[DATA SEGMENT Boundary: Start]

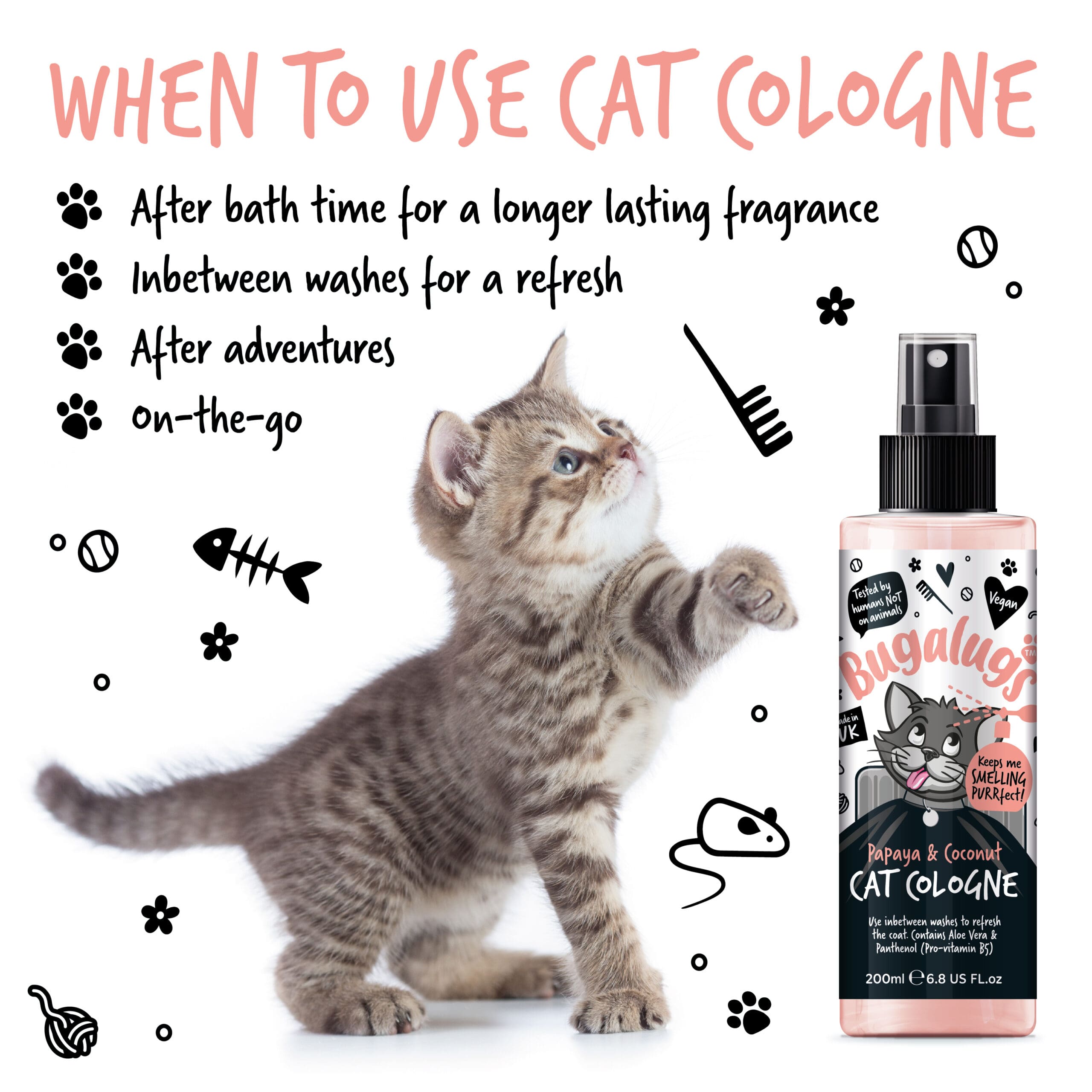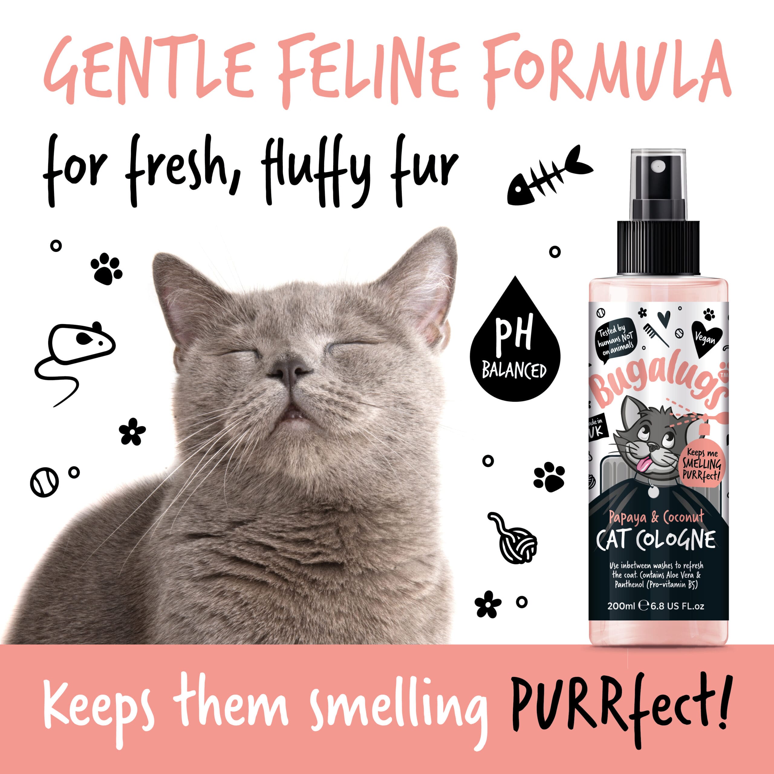 Verfris de vacht snel tussen wasbeurten door met de Bugalugs Papaya & Coconut Cat Cologne!
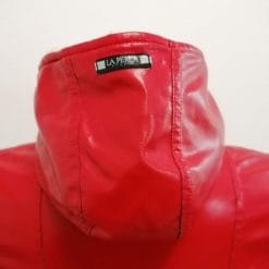 La Perla Studio, giacca con cappuccio in eco-pelle con imbottitura di pelliccia sintetica. Colore rosso con interno bianco, cerniera sul lato.
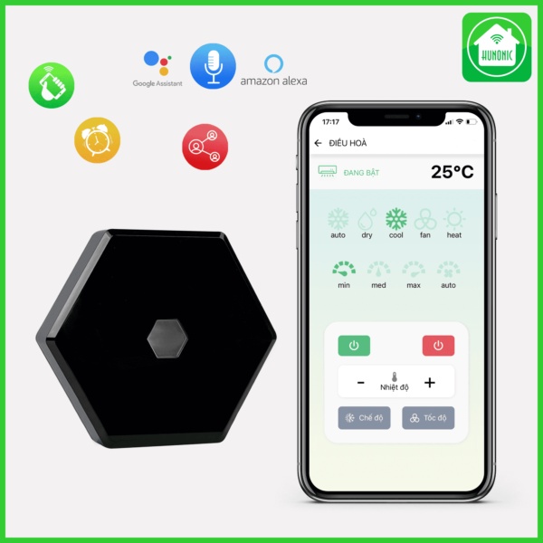 [ BH 12 THÁNG ] Điều khiển hồng ngoại thiết bị tivi, điều hoà, dàn âm thanh, đầu KTS, quạt… từ xa qua điện thoại | Hunonic IR Smart HÀNG VIỆT NAM - CHẤT LƯỢNG CAO! Bộ điều khiển hồng ngoại Hunonic IR Smart do Hunonic nghiên cứu và sản xuất tại Việt Nam có khả năng điều khiển mọi thiết bị hồng ngoại như tivi, điều hoà, dàn âm thanh, đầu KTS, quạt,... từ xa qua điện thoại. Một trong những thiết bị chủ đạo trong giải pháp điều khiển tivi, điều hoà,… từ xa. Bộ điều khiển hồng ngoại Hunonic IR Smart được thiết kế trên dây chuyền hiện đại, có 6 mặt hồng ngoại xếp thành hình lục giác đảm bảo lệnh phát đi được thiết bị tiếp nhận nhanh, chính xác. ***Cho phép người dùng: - Điều khiển các thiết bị hồng ngoại từ xa qua điện thoại chỉ cần có sóng Wifi, 3G, 4G. - Bên cạnh đó bạn cũng có thể điều chỉnh nhiệt độ, chế độ của điều hoà, bật/tắt tivi, chuyển kênh, tăng giảm âm lượng…dù bạn ở bất kỳ nơi đâu. - Hẹn giờ bật/ tắt hoàn toàn tự động cho các thiết bị điện như: tivi, điều hoà, đầu kỹ thuật số, quạt,... - Chia sẻ cho các thành viên trong gia đình cùng sử dụng thiết bị hoàn toàn miễn phí. - Cho phép tạo ngữ cảnh thông minh với các thiết bị thông minh khác, bật tắt các thiết bị chỉ với 1 chạm mà không gặp trở ngại gì. - Điều khiển từ xa qua điện thoại hoàn toàn độc lập, không cần bộ điều khiển trung tâm giúp tiết kiệm chi phí tối đa. - Nói không với đục phá tường, chỉ cần vị trí đặt có Wifi và nguồn điện là sử dụng được. - Thiết kế nhỏ gọn, phù hợp với mọi không gian sống - Điều khiển thiết bị hồng ngoại qua giọng nói nhờ Alexa và Google Asisstant - Có khả năng học và ghi nhớ lên đến 1000 lệnh từ nhiều remote của nhiều thiết bị khác nhau. Tương thích hầu hết các loại thiết bị hồng ngoại trên thị trường - Phần mềm tiếng Việt, giao diện thân thiện dành cho người Việt, sử dụng miễn phí trọn đời - Sever máy chủ đặt tại Việt Nam. Đường truyền ổn định. Tính bảo mật cao, không lo bị hack - Bảo hành lỗi 1 đổi 1 trong 12 tháng. Không nơi nào có chính sách này ngoài nhà thông minh Hunonic. THÔNG SỐ KỸ THUẬT: + Giao tiếp không dây chuẩn Wifi. + Kích thước : 80 x 70 x 17 mm + Phạm vi hồng ngoại: ≤8m hunonic_ir; ir_smart #điều_khiển_từ_xa #nhà_thông_minh #thiết_bị_điện_thông_minh #hunonic #điều_khiển_từ_xa_qua_điện_thoại #mô_hình_nhà_thông_minh #nhà_thông_minh_là_gì #công_tắc_wifi_hunonic #mô_hình_nhà_thông_minh #công_tắc_ điện_thông_minh #nhà_thông_minh_Việt_Nam #công_tắc_thông_minh_giá_rẻ #công_tắc_cảm_ứng_chạm #hẹn_giờ #công_tắc_hẹn_ giờ_ tự_ động #tuya #dieukhien #hongngoai #smartlife #rmmini3 #rmpro #broadlink #trunttamtuya #trungtamhongngoaituya #botrungtamtuya #tuya #thietbidieukhienhongngoai #điều_khiển_hồng_ngoại; #điều_khiển_hồng_ngoại_xiaomi #bộ_điều_khiển_hồng ngoại_broadlink_bestcon_rm4c_mini ĐÁNH GIÁ SẢN PHẨM

[DATA SEGMENT Boundary: End]

_ASSIGNED TASK:_
Restate the data word for word from its first line through the line with "La Perla Studio, giacca", leaving out any picture along the way.

_EXERCISE RESULT:_
 Verfris de vacht snel tussen wasbeurten door met de Bugalugs Papaya & Coconut Cat Cologne!
 La Perla Studio, giacca con cappuccio in eco-pelle con imbottitura di pelliccia sintetica. Colore rosso con interno bianco, cerniera sul lato.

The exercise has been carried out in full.